Work through the module

Each slide is shown in its 16:9 frame, exactly as it appears in the video version. Open the notes under any slide for the longer explanation, and the narration if you prefer to read along.

Slide 1 of 1316:9

The system is the highest-leverage place for an agent

Claude Code for Designers · Module 5 of 7

  • Reading the existing system before changing anything
  • Building new components inside the system's rules
  • Documentation generated alongside the work, not after it
  • Audits, refactors, and the review gates that keep changes deliberate

One-off screens benefit from an agent. The design system multiplies that benefit across every screen built on top of it.

Slide notes

Modules 3 and 4 were about producing artifacts: a converted section, a working prototype. This module turns the agent on the thing those artifacts are made of — the design system itself. The leverage argument is straightforward: a fix to one screen helps one screen, while a fix to a token, a shared component, or its documentation propagates to everything built on top of it.

It is also the place where the failure cost is highest.
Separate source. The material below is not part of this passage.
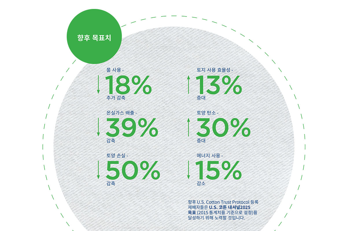 미국의 코튼업계는 환경 영향에 대한 원대한 목표를 갖고 있으며 트러스트 프로토콜은 이 목표를 보다 성공적으로 달성하도록 돕는 하나의 길을 제공합니다. 지속적 향상을 촉진하기 위해 트러스트 프로토콜이 사용하는 6가지 지표에는 토지 사용, 토양 보존, 에너지 사용, 온실가스 배출, 토양 탄소, 관개용수 사용이 포함되며 이는 미국 코튼업계가 설정한 2025 국가 목표와 일치합니다.

A bad one-off screen embarrasses one review. A bad change to a shared component or a token file quietly breaks surfaces nobody was looking at. That asymmetry is why this module spends as much time on review gates and evidence as it does on generation.

Set expectations about prerequisites. The module assumes the project has some form of system to work against — token files or CSS variables, a set of shared components, and ideally a CLAUDE.md with conventions in it. If a participant's project has none of these, the exercise at the end still works: an audit is exactly how you find out what the de facto system actually is.

Narration for this slide

Welcome to Module 5. So far you have used Claude Code to produce things — converted sections, working prototypes. This module points the agent at the design system itself: the tokens, the shared components, the documentation, and the maintenance work that never gets staffed. The leverage is obvious once you see it. Fix one screen and you have fixed one screen. Fix a token, a component, or its documentation, and the fix reaches everything built on top of it. The risk scales the same way, which is why this module is as much about review gates and evidence as it is about generation. Let's start with how the agent reads a system.

Slide 2 of 1316:9

Reading the existing system: tokens, components, conventions

System work starts with reading, not generating. The agent should know what already exists before it adds anything.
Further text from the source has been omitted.